The next one was a hike. We walked about a mile-and-a-half up the side of a hill. No vortex. We looked around. We saw a man to the left standing on one leg massaging the air with swift arm motions. That must be it.

Scared of the man, Jeff let me lead. I walked over and saw the familiar stones. I didn't know if I was allowed to join a person in the circle. I waited until the man stepped out. He was smallish and pudgy. Dark curly hair and a scarf although it wasn't that cold. I called him Miyagi.

-Miyagi: "The center of yourself is called your Chi. It's right here."

He pointed at a spot about one inch below his bellybutton. Jeff shot me a glance like we were going to disappear for a very long time.

-Scott: "Got it. Right here. See, I'm touching it. Yesiree, I'm touching my Chi."

It didn't feel like the spiritual and physical center of my body. I got in the circle and charged my crystal. With my eyes shut, I could hear Miyagi talking to Jeff.

-Miyagi: "I live in Venice beach, California. Sedona is the center of energy. I bet you can't push me over."

I opened my eyes. Mr. Miyagi was set firmly on the ground. Jeff tried to topple him but no matter how hard he pushed he couldn't budge him. It was because of the special place down there he told us. We ran back to our car.

The next vortex was right off the road. Like the cheapo hole at the miniature golf course with only a couple of hills but no giant windmill, it wasn't challenging and left you only half-fulfilled. We hurried to the next one. The sun was setting.

The final one was on Bell Mountain. We parked the car along the embankment as we headed out of town. The sun was scorching the desert for the last time ringing every little bit of moisture out of it. We only knew that on the mountain was the last vortex and that if we didn't charge our stones there, the energy would leave them. I began to run up the hill with Jeff following.

We were way up there. Really high and we turned and looked out over the city. Most of it was hidden in the trees except for a quick glance here and there of a house or a storefront. We couldn't find the vortex and now there was the moon's glow on the rocks. Things were getting steeper. I went up ahead of Jeff and reached out for the final vortex. I shut my eyes as a rested my hand on the crest and inside the circles of stones and suffered a little peace.

It was broken by the animal sounds. Crazy animals. I don't know what it sounded like. But maybe it was something squeezed real hard and very mad and maybe even sick in the head. I was scared out of my mind. I slid down the lip of the mountain after Jeff and we ran the last fifty yards as fast as we'd ever ran in our lives. I clutched my crystal--now dizzy with energy--and took off for the car. I didn't look behind for fear that the whole mountain had lashed out at me. We slammed the doors shut and locked them.

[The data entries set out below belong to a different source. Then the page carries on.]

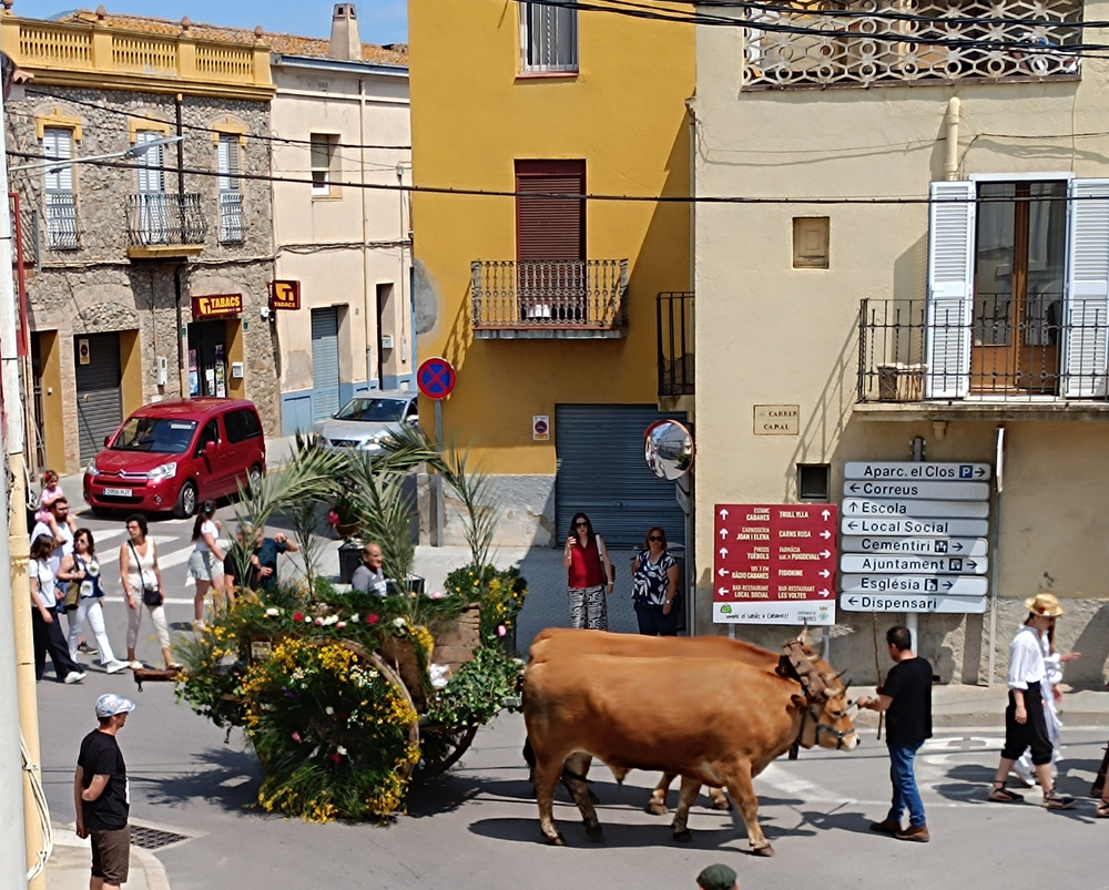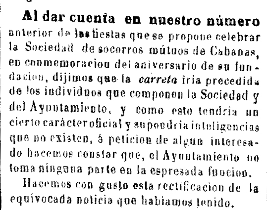L’11 de maig de 1871, el diari «El Ampurdanés» explica que: Según se nos ha dicho, la Sociedad de socorros mutuos de Cabanas, se propone celebrar el aniversario de su fundación el dia de S. Isidoro …. saldrá la histórica y alegórica carreta tirada por dos bueyes adornada con profusión de lazos y flores … dirigiéndose a la plaza en donde se trazarán varios surcos y se sembrarán piñones …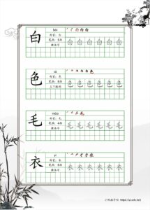 汉字书写 – 按笔顺书写PDF文件中的汉字。 (Please click the link and use the PDF file to help with Chinese character writing. Please follow the correct stroke orders)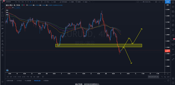 策略解析:欧元价格大跌之后,短期内或将有反弹需求,关注4小时级别1.19530-1.1976供给区,此供给区为最近的多空风水岭,如果价格继续再此下方承压,那么可继续择机逢高做空,目标1.1820一线附近;若价格可以有效突破这个供给区,那么还会继续反弹上行,或将涨至1.2100一线附近。
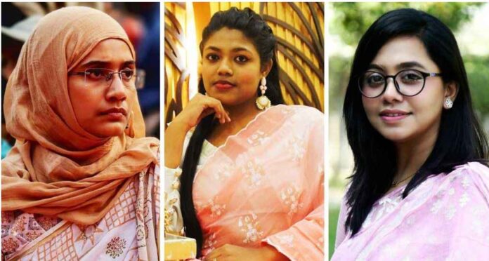 এনসিপির জ্যেষ্ঠ যুগ্ম আহ্বায়ক সামান্তা শারমিন, যুগ্ম সদস্য সচিব নুসরাত তাবাসসুম ও যুগ্ম সদস্য সচিব ডা. মাহমুদা মিতু।

It was seven hundred miles home to Los Angeles. We didn't mention the sound we'd heard. In fact, there wasn't much talking. Jeff slept some of the way and I munched Hostess cupcakes and drank Gatorade. We wanted to get home. After the kind folks, the hot afternoons and the yellow road lines slapping the car endlessly, home seemed like a place to be real and still.

Of course, Jeff and I stopped telling these stories years ago. We talk occasionally, maybe hang out and do something on the weekends but nothing could ever approach travelling through those Southwestern states and the nasty oblivion of those two thousand miles.